Recursion is indeed a relatively abstract mathematical logic, which can be simply understood as "the program calls its own algorithm."
Wikipedia’s explanation of recursion is:
Recursion (English: Recursion), also translated as recursion, in mathematics and computer science, refers to using the function itself in the definition of the function Methods. The term recursion is also more commonly used to describe the process of repeating things in a self-similar way.
For example, when two mirrors are approximately parallel to each other, the images nested in the mirrors appear in the form of infinite recursion. It can also be understood as the process of self-replication.
"Pass" means to pass, and "Return" means to return. First pass a method layer by layer, then pass it to the last layer and return the result back.

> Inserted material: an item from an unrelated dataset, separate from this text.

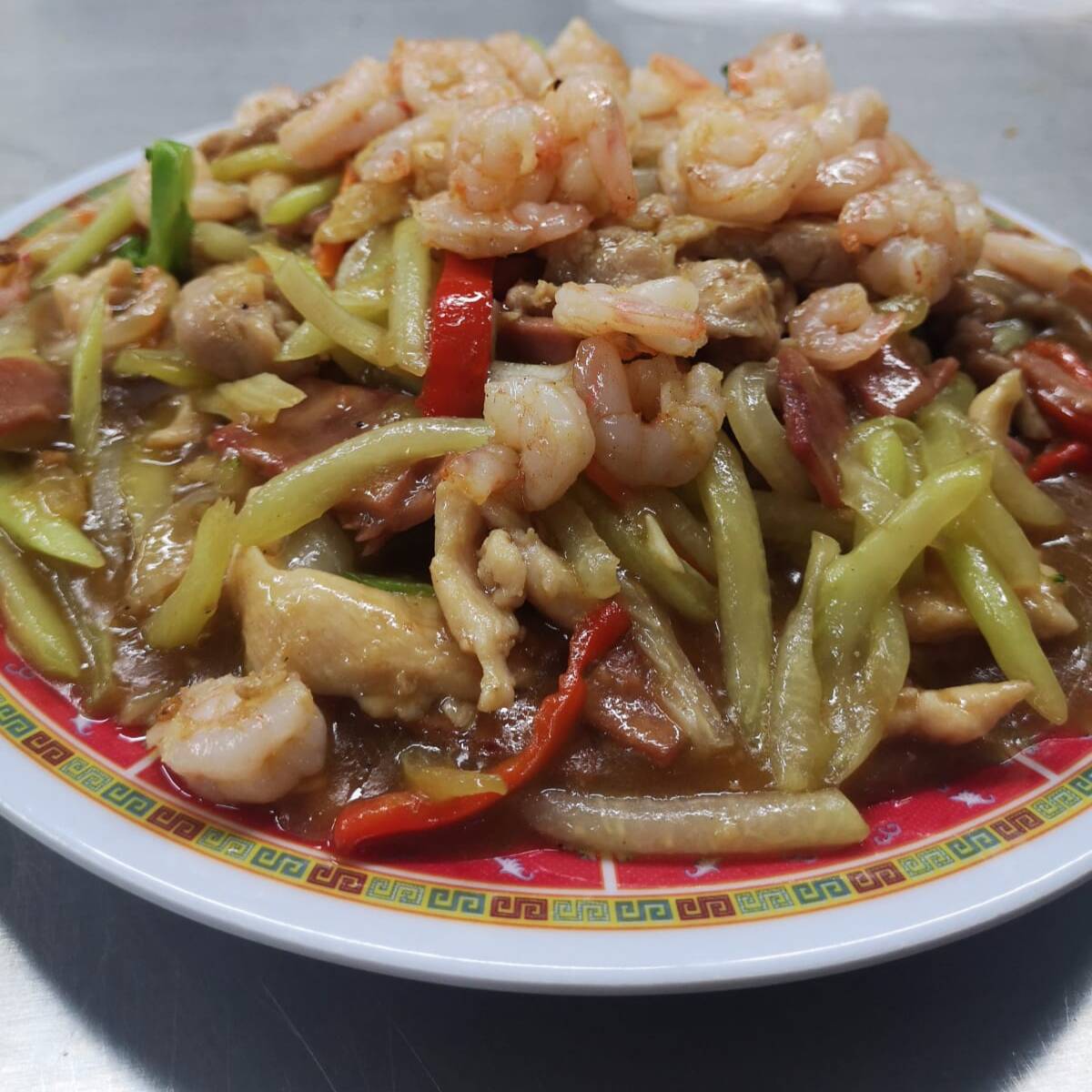 Vegetales salteados en salsa con pollo, cerdo, jamon, camarones.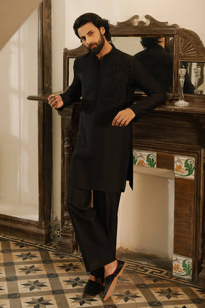 A short self-cotton kurta and trousers in Midnight Black with tonal black anchor and Resham embroidery across the chest. The loop-button band collar neckline and embroidered sleeve borders offer a structured, modern finish. An ideal pick for Eid evenings—whether stepping out for a festive dinner or enjoying the night breeze on a rooftop gathering.

For example, I queued up for a nucleic acid test, and there were 100 people in front of me. I wanted to ask what time the medical staff would get off work, so I asked the brother in front of me, and he asked again. The people in front of him passed it on one by one, and finally passed it to the medical staff, who replied that they would get off work at 6 p.m. This sentence was passed back and finally reached me. I learned that the medical staff got off work at six o'clock.
This process is a recursive process. If "passing a message" itself is a method, then the entire process of transmitting a message is calling its own method, and finally obtains the result.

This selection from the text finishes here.